I am trying to figure out the $time$ $complexity$ to find out the number of ways we can parenthesize $N$ $matrices$. I have approached this problem as, say if we have $N+1$ matrices then we can parenthesize them in $\dfrac{2N \choose N}{N+1}$ ways
For example, see the below image, here we have 3 matrices which we can represent in a tree and we have 2 nodes which we can arrange to form different unlabeled binary trees in $\dfrac{2N \choose N}{N+1}$ ways which in turn will give us the number of ways in which we can parenthesize these 3 matrices.
But the problem I am facing is that I am unable to figure out the time complexity which this method will take. Any help will be highly appreciated.
1 Answer 1
These are called Catalan numbers, and the term $\binom{2N}{N}$ is called a central binomial coefficient.

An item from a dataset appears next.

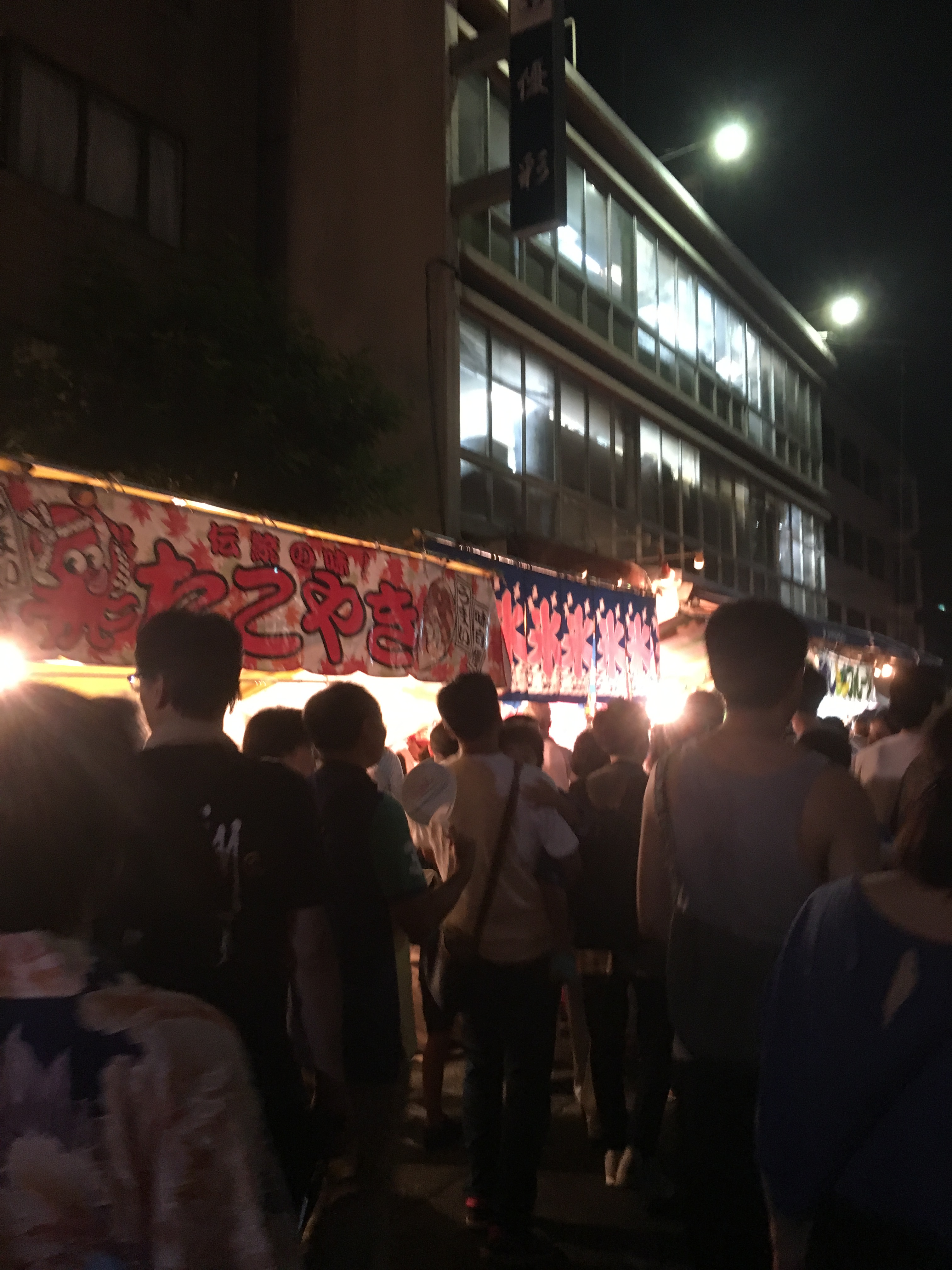これには写ってませんが「電球ソーダ」というのが気になりました(電球型の容器にソーダが入っている)。なんか電気ブランみたいだし(笑)と人混み抜けたところに出てたら買おうと思いましたが、ちょうどその頃には見当たらず断念。しかし買いはしなくても屋台ってうきうきします。特に夜店。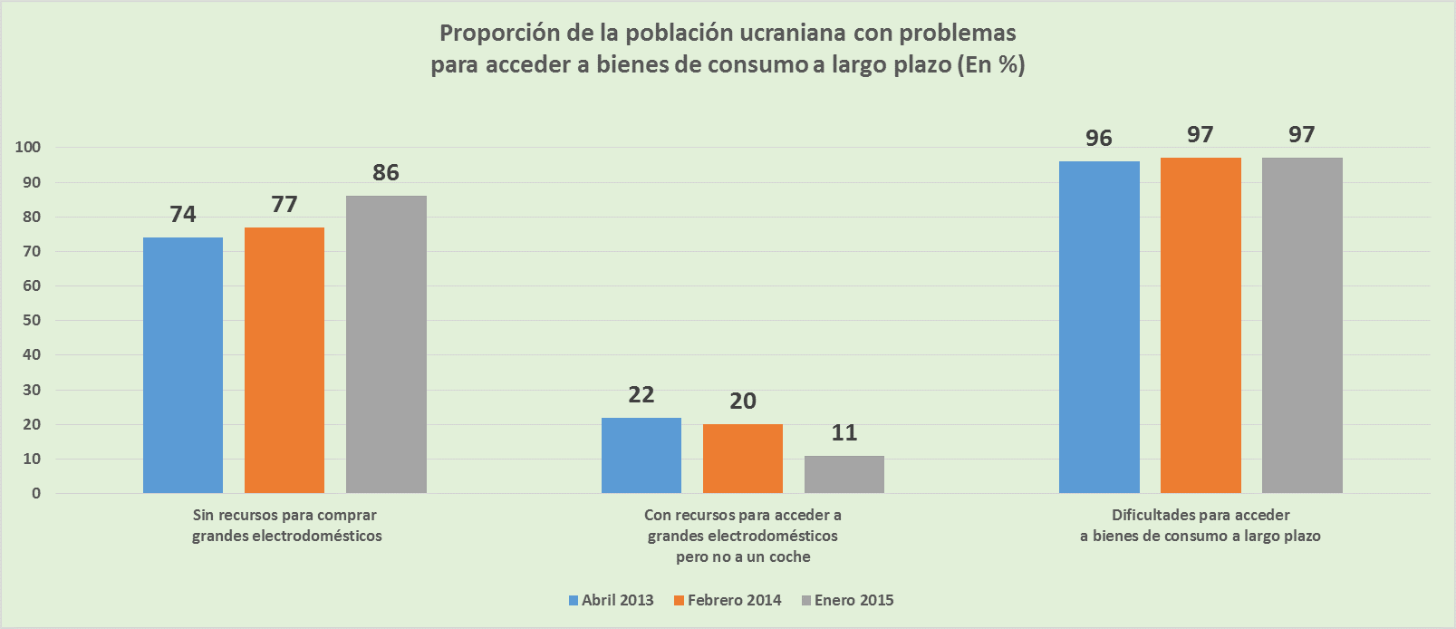 El seguimiento del barómetro de TNS Global sobre la situación social en Ucrania aporta información más concreta sobre los aspectos señalados. En lo relativo a la incapacidad de ese Estado por garantizar un mínimo de bienestar a su población tras la caída de la Unión Soviética, llama la atención que entre un 96 y un 97% de la población carece todavía en la actualidad de la posibilidad de acceder a bienes que conforman el marco de bienestar de los países occidentales, ya se trate del acceso a un coche o a los grandes electrodomésticos habituales en los hogares de esos países.

There are several formulas for these numbers which can be used to compute them efficiently, such as the one you present, or
$$C_n = \prod_{k=2}^n \frac{n+k}{k}$$
The problem with writing down the time complexity for computing these numbers is that the Catalan numbers grow exponentially—the number of bits in the output is roughly proportional to the input index. Therefore, the exact time complexity for evaluating these numbers from such a formula is going to depend significantly on the time complexity of your arithmetic operations, especially your choice of multiplication algorithm for large numbers.